Classification of ECG arrhythmia based on convolutional neural network
10.3760/cma.j.cn121382-20200520-00206
- VernacularTitle:基于卷积神经网络的心电图心律失常分类方法
- Author:
Wenshu AI
1
;
Xinqun ZHAO
Author Information
1. 东南大学生物科学与医学工程学院,南京 210000
- Keywords:
ECG arrhythmia;
Data augmentation;
Convolutional neural network;
Classification
- From:
International Journal of Biomedical Engineering
2021;44(2):119-123,138
- CountryChina
- Language:Chinese
-
Abstract:
Objective:To improve the performance of ECG arrhythmia classification algorithm and provide auxiliary basis for clinical ECG diagnosis.Methods:The one-dimensional ECG data was segmented according to the R point, and the segmented data was generated into a 2D image. The samples were expanded by data augmentation technology, and the image features were extracted by the 2D convolutional layer, 2D maximum pooling layer, Flatten layer and fully connected layer in 2D-CNN. Then, the samples were classified with Softmax classifier.

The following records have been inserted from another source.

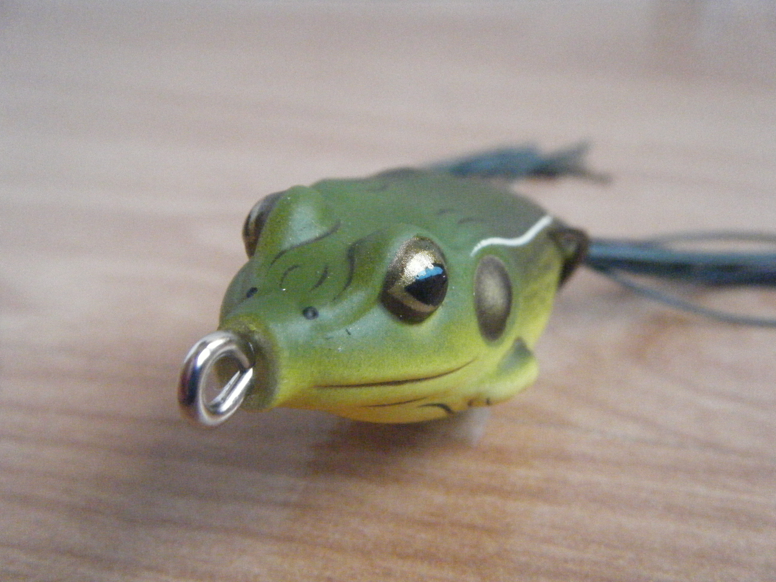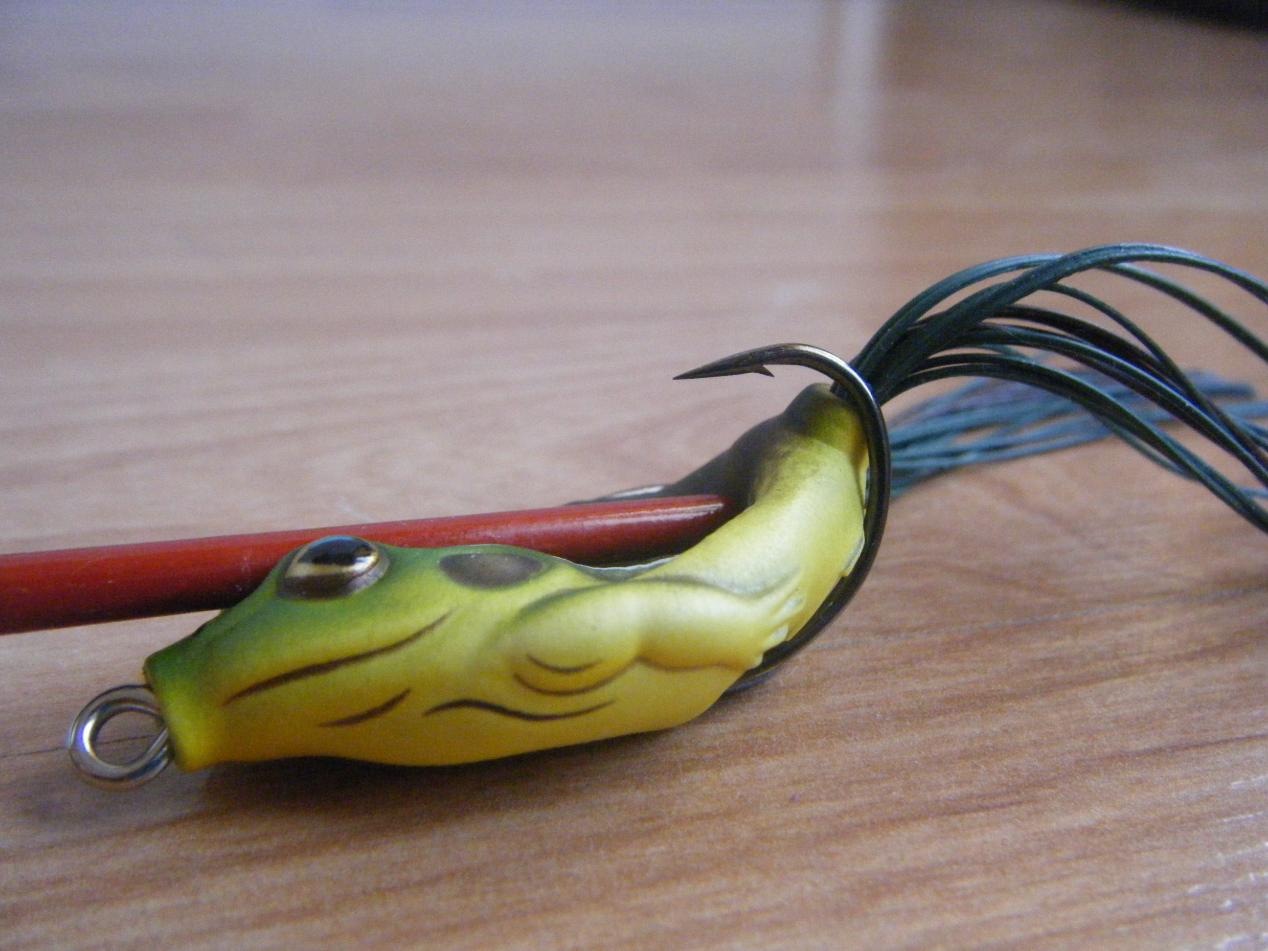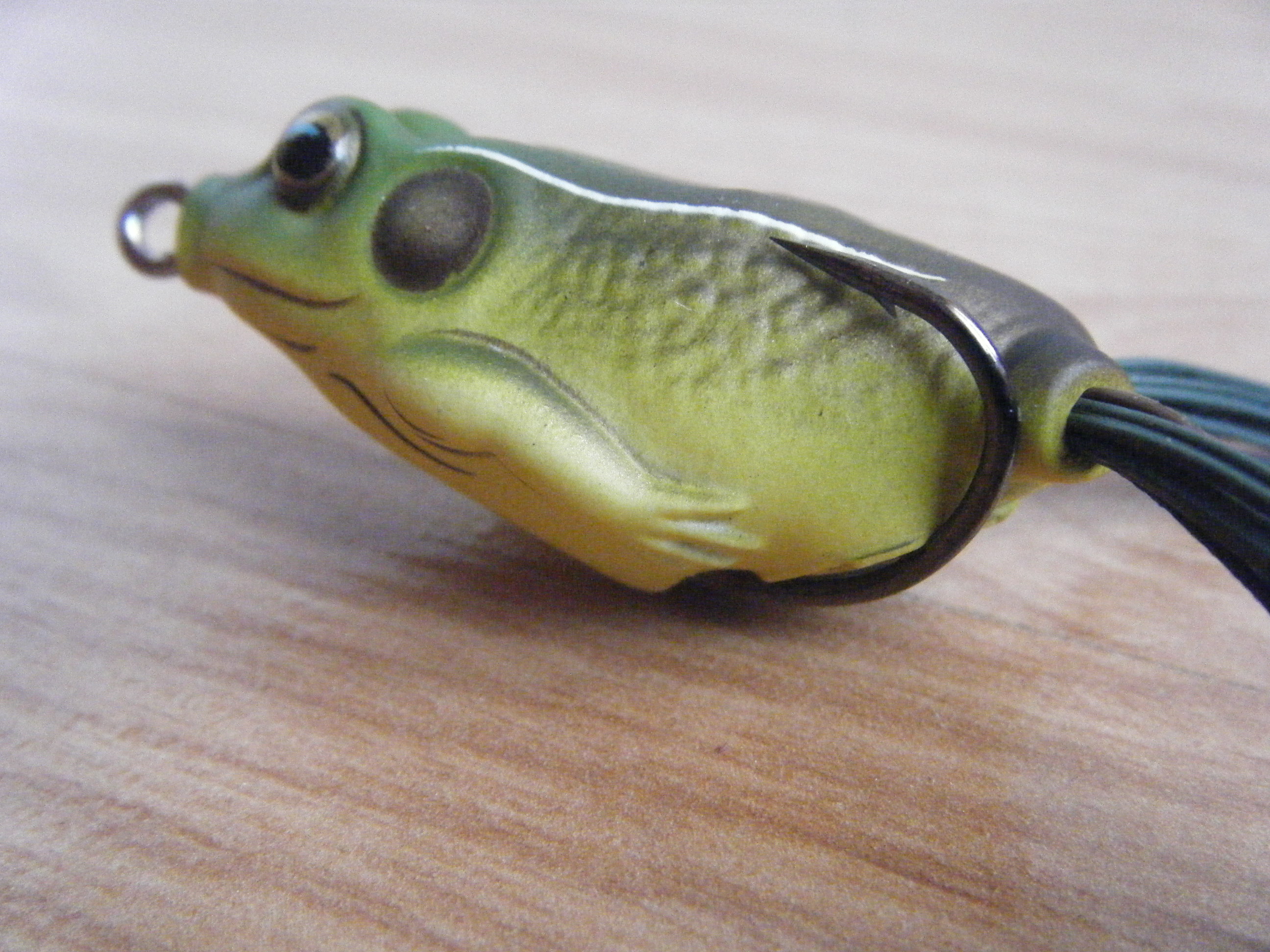 Todos este conjunto esta montado sobre un doble anzuelo de gran calidad y resistencia, que será de grosor acorde al tamaño elegido de rana. En este caso hemos optado por el tamaño “mini” de esta rana, y tiene unos anzuelos muy delgados que facilitan la clavada, su anilla frontal es un poco demasiado grande, aunque su acción giratoria facilita su natación errática entre la vegetación.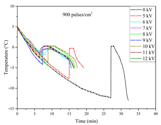 Cooling curves of the electrofreezing experiments using electrodes with 900 pulses/cm2 with increasing high voltage.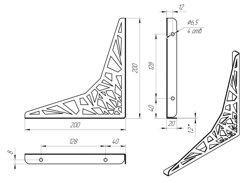 Кронштейн Ажур функциональное и декоративное крепление для полки.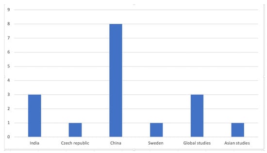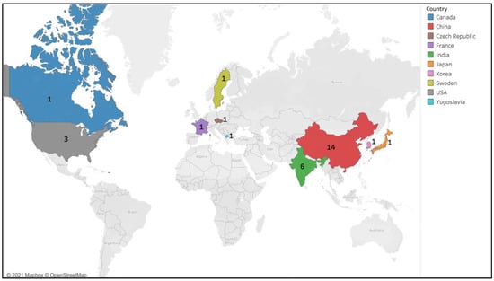 The 36 published papers came from various countries; six were from India [,,,,,], three from the USA [,,], 14 from China [,,,,,,,,,,,,,] and one each from Korea [], Czech Republic [], Canada [], France [], Yugoslavia [], Japan [] and Sweden []. There were four global studies [,,,] and two studies from the Asian region [,] (Table 1 and Table 2, Figure 2). Figure 2 shows the geographic distribution of the included studies, with the exception of the global and the Asian region studies.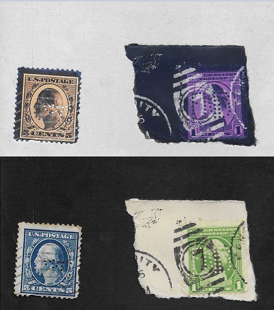 Hier zwei nicht sehr schöne Exemplare mit US-Perfins die tomm2015 aber klar definiert hat :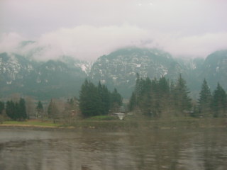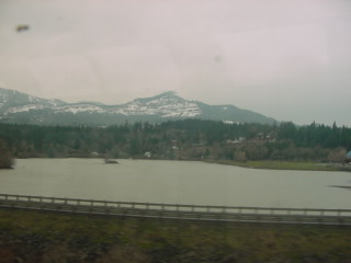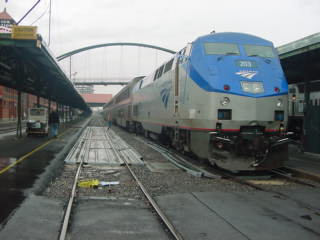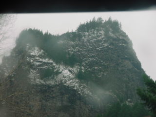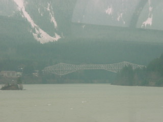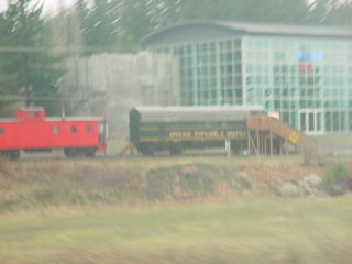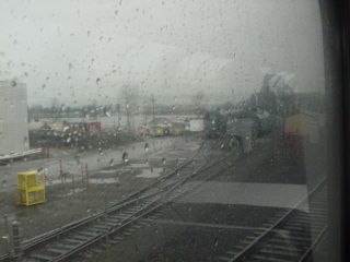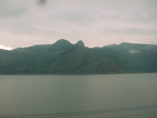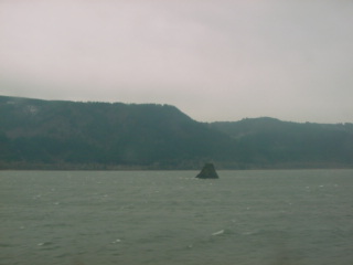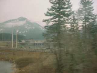We passed a large rock in the River at the west end of the Gorge before the final tunnel. Yes' "Talk" was put back on as it was announced that our estimated time of arrival in Potland was 12:30 PM. Connecting passengers for the Amtrak Cascades trains were told to detrain at Vancouver, after which we rolled west through Camas in the pouring rain to our Vancouver station stop at 12:16 PM {9:08 AM}.

The loss function with weight coefficients was used to enhance the model's learning of class S and class V. The MIT-BIH data set was used for model training and algorithm performance evaluation.Results:Sample expansion and the use of loss functions with weight coefficients can improve the recall rate and specificity index of the model, while maintaining the model's accuracy index of the classificatio on VEB and SVEB.Conclusions:The accuracy of the proposed model is 99.02%, and the recall rate of SVEB is 96.4%, indicating that this classification method can assist medical staff in diagnosing heart diseases.